Damn it Xander, I miss you so much. Why? Why couldn't you talk to me? I was always your friend. Did you think I'd left you? Forgotten you? How could you ever think that? I would have done anything for you. You are always going to be my best friend. Nothing will ever change that.
I can still remember that day. The day my entire world turned upside down. Was it my fault? Did I make you feel excluded? I just wish I knew. I hate having to wonder if I could have stopped it. If I could have just held you tight and made you feel loved. You were loved, Xander. No matter what you thought, we always loved you. Did you do it to escape? I can understand that, in a way. I just hate you, so much.

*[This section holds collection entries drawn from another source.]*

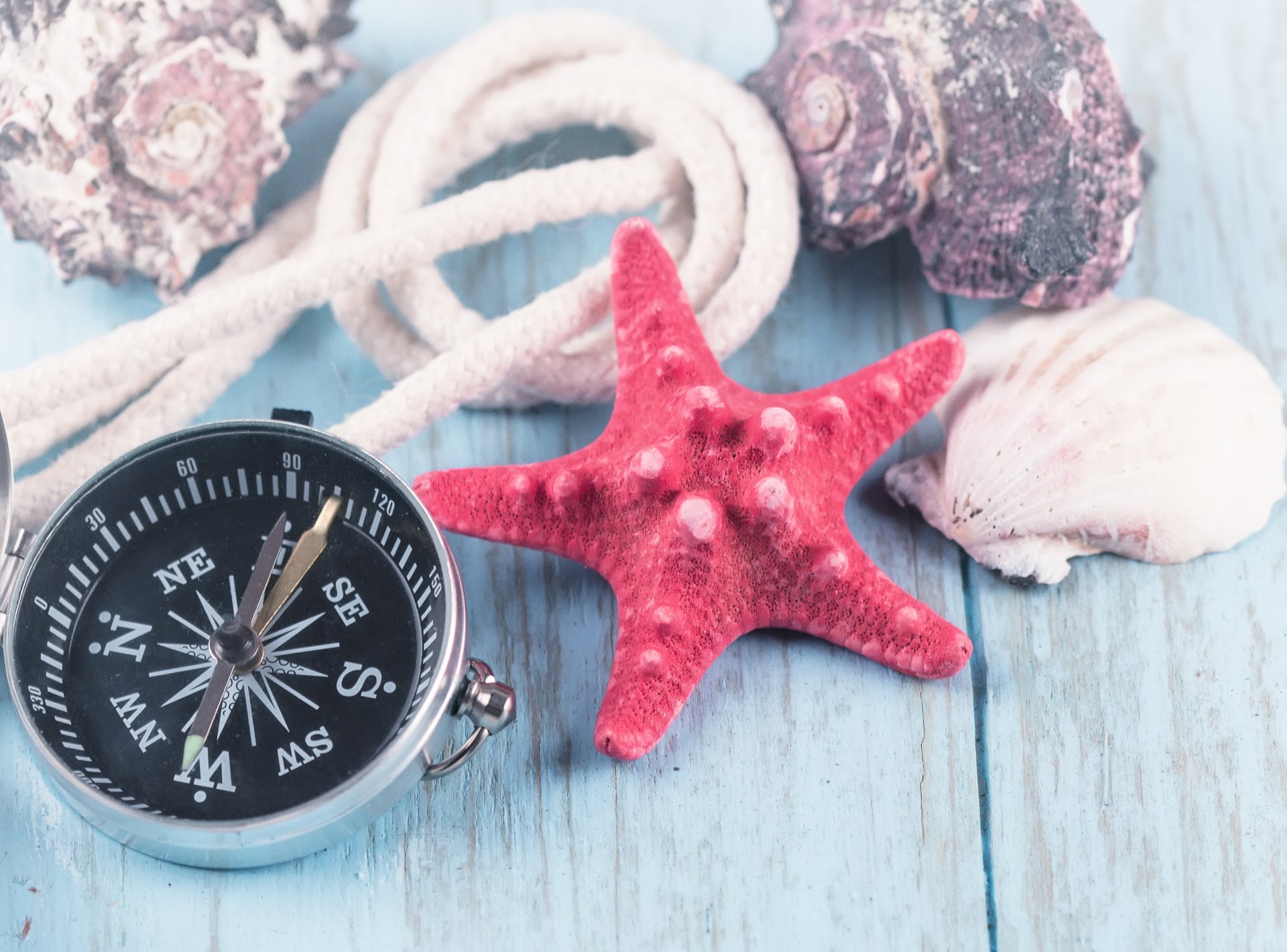The sea on a wooden board. compass. seashells. starfish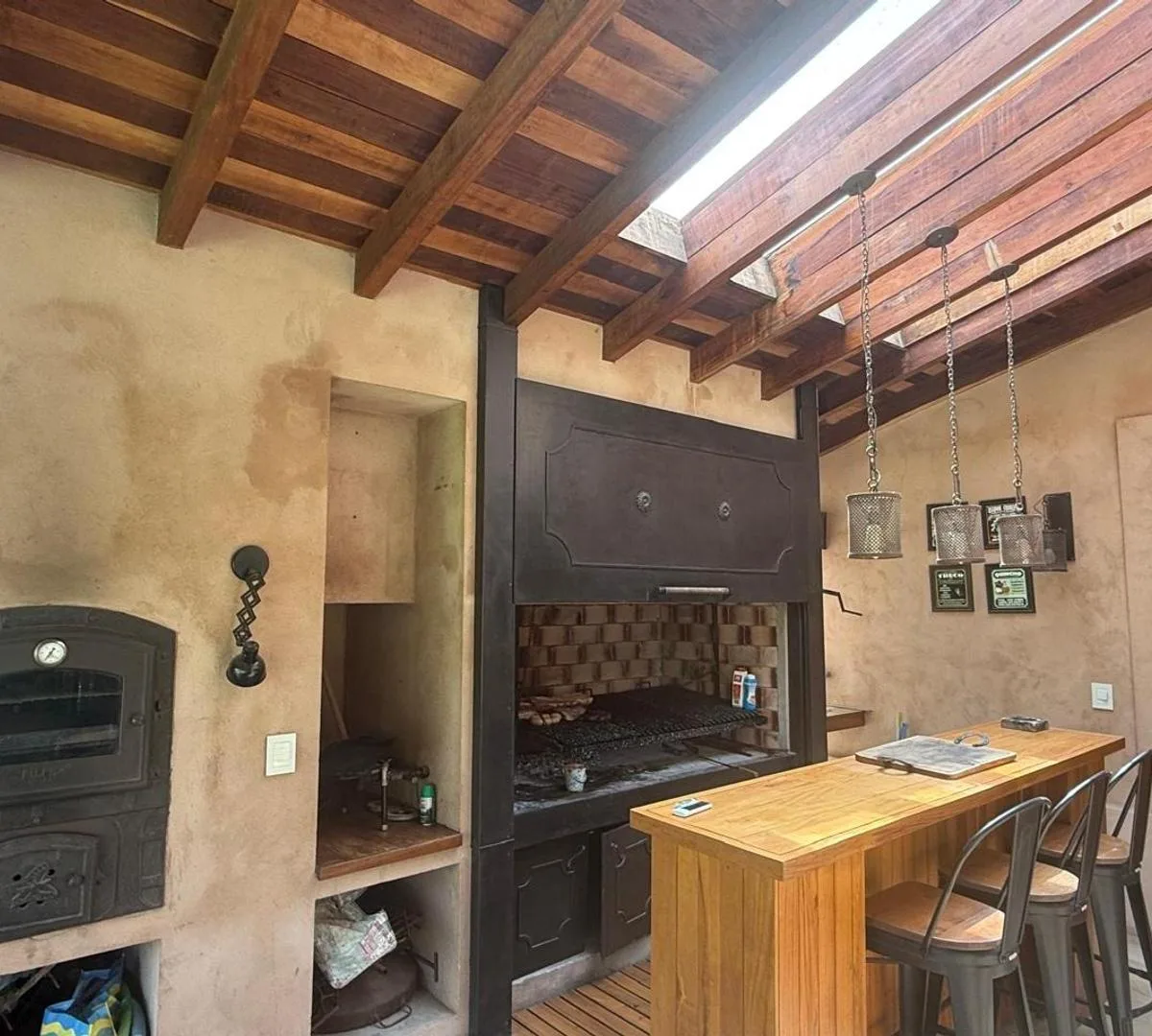 Four-bedroom house, 8 years old, with 400 m² covered, in front of Plaza "El caracol". Ground floor includes a living-dining room with wood-burning fireplace, a fully fitted eat-in kitchen with Italian professional cooking equipment, service and main entrances, a laundry area, a guest bedroom, a complete bathroom, a reception toilet, and a games room with a cinema projection. A large covered gallery with bar, incense-wood ceilings, grill, wood oven and hob, plus a complete bathroom for the rear a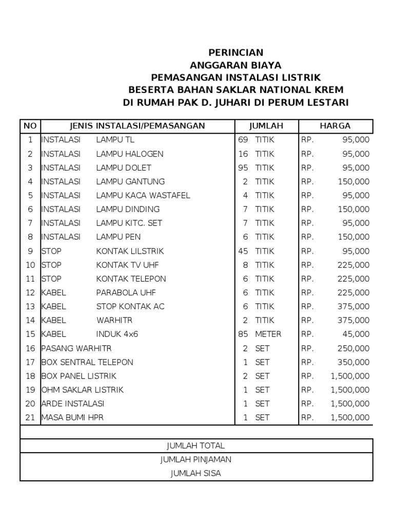 Contoh rab instalasi listrik. Berkomentarlah sepuas anda santun dan relevan by admin format administrasi desa. Dengan adanya daftar kebutuhan material seperti gambar di atas. Academiaedu is a platform for academics to share research papers. Rincian anggaran biaya rab pekerjaan pengadaan material dan jasa instalasi listrik sample villa lokasi tanjung pinggir sekupang pengadaan dan jasa uraian tunai. Karusel sebelumnya karusel berikutnya. Pada dasarnya format rab kegiatan di desa baik yang bersumber dari alokasi dana desa add dana desa dd bantuan keuangan kabupaten bantuan keuangan provinsi pendapatan asli desa atau sumber pendapatan lainnya harus mengacu pada peraturan perundang undangan.

Why? Why kill yourself? Was it worth it? Do you feel no pain now? Are things the way you always dreamed? For your sake, I hope they are. You deserved so much, my Xander. I just wish you had told me...had let me help. I don't hate you, you know. I love you. Still. So very much. Some nights I wake up thinking I've heard you laughing. Other nights I wake up crying. Spike just holds me. It's all he can do. You're gone. No one can bring you back. You couldn't even bring yourself back, in the end. Did you even want to?
I heard that, Xander Harris. Don't tell me to forget you. I won't, and I never will. Nothing will ever change that...nothing has EVER changed that. Do you like this spot? I chose it. I thought you'd like the view. Also, the tree to shade you. It's a willow tree. I know that one day I won't able to come out here and watch over you anymore. The tree will be here to remind you of me....remind you that you are cared for...even now.
I guess I'd better go. It's starting to get dark. You don't have to remind me to get out of the cemetary after dusk. I'll be back tomorrow. Same time. Same place. I kissed the tombstone. I hope you can feel it, where ever you are. I can feel your smile. I guess you did feel it. This connection between us will never fade. It will link our souls, through life and death. Sleep well, my beloved. Be at peace in the place you are. I love you, Xander. Always and forever.